П. А. Вяземский
Из "Автобиографического введения"
Вяземский П. А. Сочинения: В 2-х т. -- М.: Худож. лит., 1982. -- Т. 2. Литературно-критические
статьи. Сост., подг. текста и коммент.М. И. Гиллельсона. 1982.
OCR Бычков М. Н.
Вероятно никто более меня не удивится появлению в печати полного собрания всего написанного
мною в прозе, в течение шестидесятилетия и более. Это уже не в чужом, а в собственном миру похмелье.
Впрочем, голова моя, кажется, крепка: чернилами допьяна я никогда не упивался.
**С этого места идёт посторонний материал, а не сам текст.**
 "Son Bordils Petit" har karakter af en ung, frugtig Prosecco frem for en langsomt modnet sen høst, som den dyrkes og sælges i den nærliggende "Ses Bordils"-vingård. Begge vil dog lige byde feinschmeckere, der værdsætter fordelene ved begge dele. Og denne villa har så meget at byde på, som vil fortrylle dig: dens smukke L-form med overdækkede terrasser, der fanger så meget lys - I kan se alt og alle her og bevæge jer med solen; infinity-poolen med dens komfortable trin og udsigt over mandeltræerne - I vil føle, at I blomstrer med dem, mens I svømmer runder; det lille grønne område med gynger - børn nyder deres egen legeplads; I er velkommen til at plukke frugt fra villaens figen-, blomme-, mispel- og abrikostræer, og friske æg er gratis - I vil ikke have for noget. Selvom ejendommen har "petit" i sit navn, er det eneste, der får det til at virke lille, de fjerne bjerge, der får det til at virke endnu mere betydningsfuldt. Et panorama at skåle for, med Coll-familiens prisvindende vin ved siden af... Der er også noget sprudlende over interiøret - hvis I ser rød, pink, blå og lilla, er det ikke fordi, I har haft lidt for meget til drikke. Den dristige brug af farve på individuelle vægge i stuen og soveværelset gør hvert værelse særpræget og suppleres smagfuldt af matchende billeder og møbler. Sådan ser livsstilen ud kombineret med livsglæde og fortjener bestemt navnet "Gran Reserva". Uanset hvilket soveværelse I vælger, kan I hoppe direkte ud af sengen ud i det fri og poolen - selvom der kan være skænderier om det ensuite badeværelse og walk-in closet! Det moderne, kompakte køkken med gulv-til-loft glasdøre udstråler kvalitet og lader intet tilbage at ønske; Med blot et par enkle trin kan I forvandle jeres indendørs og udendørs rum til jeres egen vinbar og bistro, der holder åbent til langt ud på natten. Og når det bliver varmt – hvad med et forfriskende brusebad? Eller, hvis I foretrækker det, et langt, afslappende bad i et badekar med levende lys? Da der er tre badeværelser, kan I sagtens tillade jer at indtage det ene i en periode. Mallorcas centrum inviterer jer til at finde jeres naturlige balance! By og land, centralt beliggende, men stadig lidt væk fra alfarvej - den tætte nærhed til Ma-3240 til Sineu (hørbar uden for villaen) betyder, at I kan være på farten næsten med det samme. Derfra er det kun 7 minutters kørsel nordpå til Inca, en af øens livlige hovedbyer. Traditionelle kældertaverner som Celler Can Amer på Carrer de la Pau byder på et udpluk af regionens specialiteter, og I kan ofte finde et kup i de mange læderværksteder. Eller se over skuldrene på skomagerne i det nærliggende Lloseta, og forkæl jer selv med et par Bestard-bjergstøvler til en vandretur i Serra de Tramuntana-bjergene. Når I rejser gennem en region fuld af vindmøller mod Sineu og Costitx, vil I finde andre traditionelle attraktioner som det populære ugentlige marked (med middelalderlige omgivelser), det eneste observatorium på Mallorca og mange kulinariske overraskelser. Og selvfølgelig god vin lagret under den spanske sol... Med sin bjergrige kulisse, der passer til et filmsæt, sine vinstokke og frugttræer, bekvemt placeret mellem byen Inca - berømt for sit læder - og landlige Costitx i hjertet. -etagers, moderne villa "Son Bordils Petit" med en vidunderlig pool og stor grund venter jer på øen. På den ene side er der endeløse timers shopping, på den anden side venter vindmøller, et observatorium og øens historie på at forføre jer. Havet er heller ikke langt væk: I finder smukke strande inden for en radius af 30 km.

В наше скороспелое и торопливое время такое позднее появление довольно любопытно. У нас
издаются книги только что вчера дописанные; листы высохнуть еще не успели: кажется, не только у нас,
но и везде иные издают книги, которые только завтра напишутся, а пока спешат издать в свет пробные
листы. Что до меня касается, следует еще заметить, что предлагаемое ныне собрание сочинений моих
предпринято не по моему почину и, так сказать, от меня заочно. Благоприятели предложили, а я
согласился. Как и почему согласился я, читателям и публике знать в подробности не нужно. Это -- дело
домашнее. Впрочем, не один раз друзья мои убеждали меня собрать и издать себя. Кажется, и
посторонние лица, и даже литературные недоброжелатели мои удивлялись, с примесью некоторого
сожаления, что нет меня на книжном рынке. Дело в том: в старое время, то есть когда был я молод, было
мне просто не до того. Жизнь сама по себе выходила скоропечатными листками. Типография была тут в
стороне, была ни при чем. Вообще я себя расточал, а оглядываться и собирать себя не думал. Далее, когда
деятельность литературы нашей начала сходить с пути, по которому я следовал, и приняла иное
направление, на вызов издать написанное мною и разбросанное по журналам отвечал я: "Теперь поздно и
рано". Поздно -- потому, что железо остыло, а должно ковать железо, пока оно горячо, то есть пока
участие читателей еще живо и сочувственно, пока не развлеклось оно новыми именами, новыми
приемами. Рано -- потому, что не настала еще пора, когда старое так состарится, что может показаться
новым и молодым. По неизменному житейскому порядку и круговращению так бывает во многом: жизнь
и история налицо -- они засвидетельствуют правду этих слов. Легко может статься, что многое из ныне
животрепещущего и господствующего не переживет века и дня своего. Другое, ныне старое и забытое,
может очнуться позднее. Оно будет источником добросовестных изысканий, училищем, в котором новые
поколения могут почерпать если не уроки, не образцы, то предания, не лишенные занимательности и
ценности не только для нового, настоящего, но и для будущего. Слова: прошедшее, настоящее, будущее -имеют
значение условное и переносное. Всякое настоящее было когда-то будущим, и это будущее
обратится в прошедшее. Иное старое может оставаться в стороне и в забвении; но тут нет еще
доказательства, что оно устарело; оно только вышло из употребления. Это так, но запрос на него может
возродиться. Антикварии, продавцы старой мебели, старой утвари также удачно торгуют старьем, как и
соседняя с ними лавка сбывает свой свежий и по последнему требованию изготовленный товар. Одно
здесь условие: старое должно иметь свою внутреннюю и весовую, или художественную, ценность. В
таком товаре есть большая, неувядаемая живучесть. Отлагая в сторону стыдливую скромность и не
подвергая себя упрекам в излишней гордости, полагаю, что предлагаемый здесь товар не лишен, в
некоторой степени того и другого свойства. Следовательно, и моя речь впереди. Стоит только дождаться
удобного часа, а он пробьет уж без меня, но пробьет. Впрочем, некогда и я имел свои час, и часы были
еще с трезвоном и курантиками. Поздняя старость имеет право говорить о себе в третьем лице. Старик в
собственных глазах своих уже не я, а он. В таких условиях выхожу пред общественное судилище.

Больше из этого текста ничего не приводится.